Toby Warren Scott is an American record producer, engineer and sound mixer. In addition to serving as an engineer on 18 Bruce Springsteen albums and numerous live performances, Scott has also recorded artists including Bob Dylan, Natalie Merchant, Steve Perry, Bette Midler, Blue Öyster Cult, Alison Goldfrapp, Tommy Tutone and Little Steven & The Disciples Of Soul.

== Early life and music career ==
Born in 1948, Scott attended high school in Santa Barbara, California, where he began playing guitar and piano, and he later joined a rock band as bass player on the local garage and party circuit. He became a music major in college while continuing to play in bands, and started managing and producing several local acts, acquiring contracts and recording their music in studios. Scott moved to Los Angeles in 1975, where he was hired at Clover Studios. After two years, he had become the Chief Engineer and Co-Manager of Clover.

== Association with Bruce Springsteen ==
A milestone in Scott's career occurred in Spring 1978, when Chuck Plotkin asked him to remix a song for one of his clients, Bruce Springsteen, for Darkness on the Edge of Town. "After we spent one or two days on it, we sequenced the record and had it mastered", Toby recounted. The song, "Prove It All Night", was also released as the first single. Springsteen returned to Clover Studios with co-producer Plotkin in May 1980, to mix his fifth album, The River. Twenty-five songs were mixed for the album, plus additional tracks designated as "b-sides" for single releases. After the album was released, Springsteen asked Scott to perform the remote recording for 30 shows during the course of his 1980-81 US tour.
After mixing Gary U.S. Bonds' On the Line album in March 1982, for which Springsteen wrote seven songs and co-produced them with Steven Van Zandt, Scott was asked to fly to New York to mix Van Zandt's first album, Men Without Women, and to begin recording Springsteen's seventh album. "From noon until six, I was working at the Hit Factory, mixing Steve Van Zandt, and then from seven until one in the morning I was with Bruce at The Power Station, recording basic tracks", Scott explained. Eventually, Steve was so excited by the work Scott was doing with the mixes and the perspective, he wrote four more songs to record and mix, which extended Scott's trip to New York to four months. For the Nebraska album, Scott was tasked with transferring the Nebraska demos from a cassette Springsteen had carried in his pocket for three months, to a higher quality tape for mastering. "The album sounds the way it does because of all those factors, the multiple tapes, the dirty heads...it's all part of the overall atmosphere that Bruce liked about the songs", said Toby, after he had completed the task. Scott moved permanently to the Big Apple in the Fall of 1983. Recording sessions for Springsteen's seventh album extended to March 1984, finally released in June with the title, Born in the U.S.A.

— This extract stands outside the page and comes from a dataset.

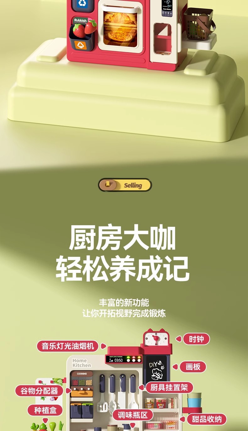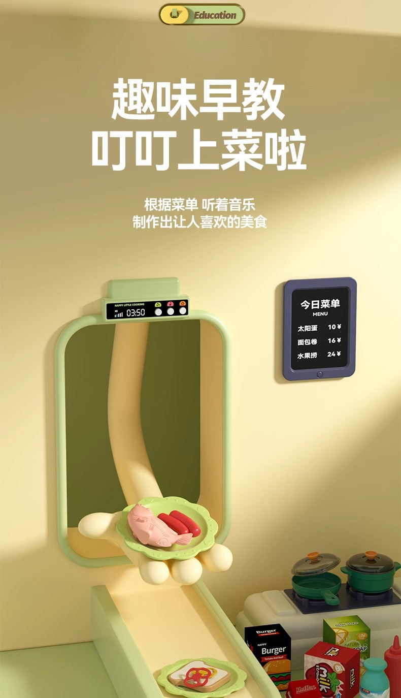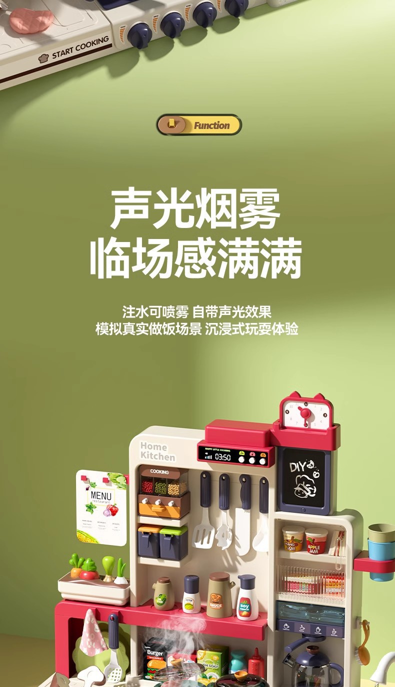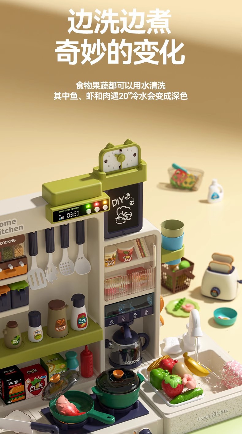 • Children's Extra Large Play Kitchen Toys for Girls 3-6 Years Old Washing Vegetables and Cooking suit Sound and Light Spray Birthday Ceremony

Continuing independent projects in New York and Los Angeles, he also recorded many live Springsteen shows on tour during 1984–1985. In late 1986, Scott began putting together Thrill Hill Recording, a studio built inside a garage apartment in New Jersey. That was completed, and recording began on the Tunnel of Love in January 1987. By this time, both men acknowledged Scott's responsibilities were now devoted exclusively to Springsteen. While Springsteen took his band and entourage on the Tunnel of Love Express Tour in 1988, Scott headed to the Los Angeles and Beverly Hills to upgrade the Thrill Hill West facilities. Scott was responsible for selecting materials and electronics, hiring specialists, and jumping back on a plane anytime he was needed. On January 6, 1991, Scott established permanent residence in Whitefish, Montana, then continued commuting to the West or East Coasts to join Springsteen regularly. This association continued with his role evolving to include “Production Supervisor” on albums Springsteen used an alternate engineer. In addition, Scott continued directing the archiving of Springsteen's extensive audio and video catalog and mixing concerts for release as “The Archive Concert Series” for download from the Springsteen website.

== Current career ==
In late 2017, by mutual agreement, Scott parted company with Springsteen. Currently, Scott is a freelance engineer and mixer, working out of his Cabin 6 studio in Whitefish, Montana. He has recently mixed and recorded a number of artists in country, rock, pop, jazz and classical. He is currently involved in a film-scoring project that is soon to be completed at Skywalker Ranch.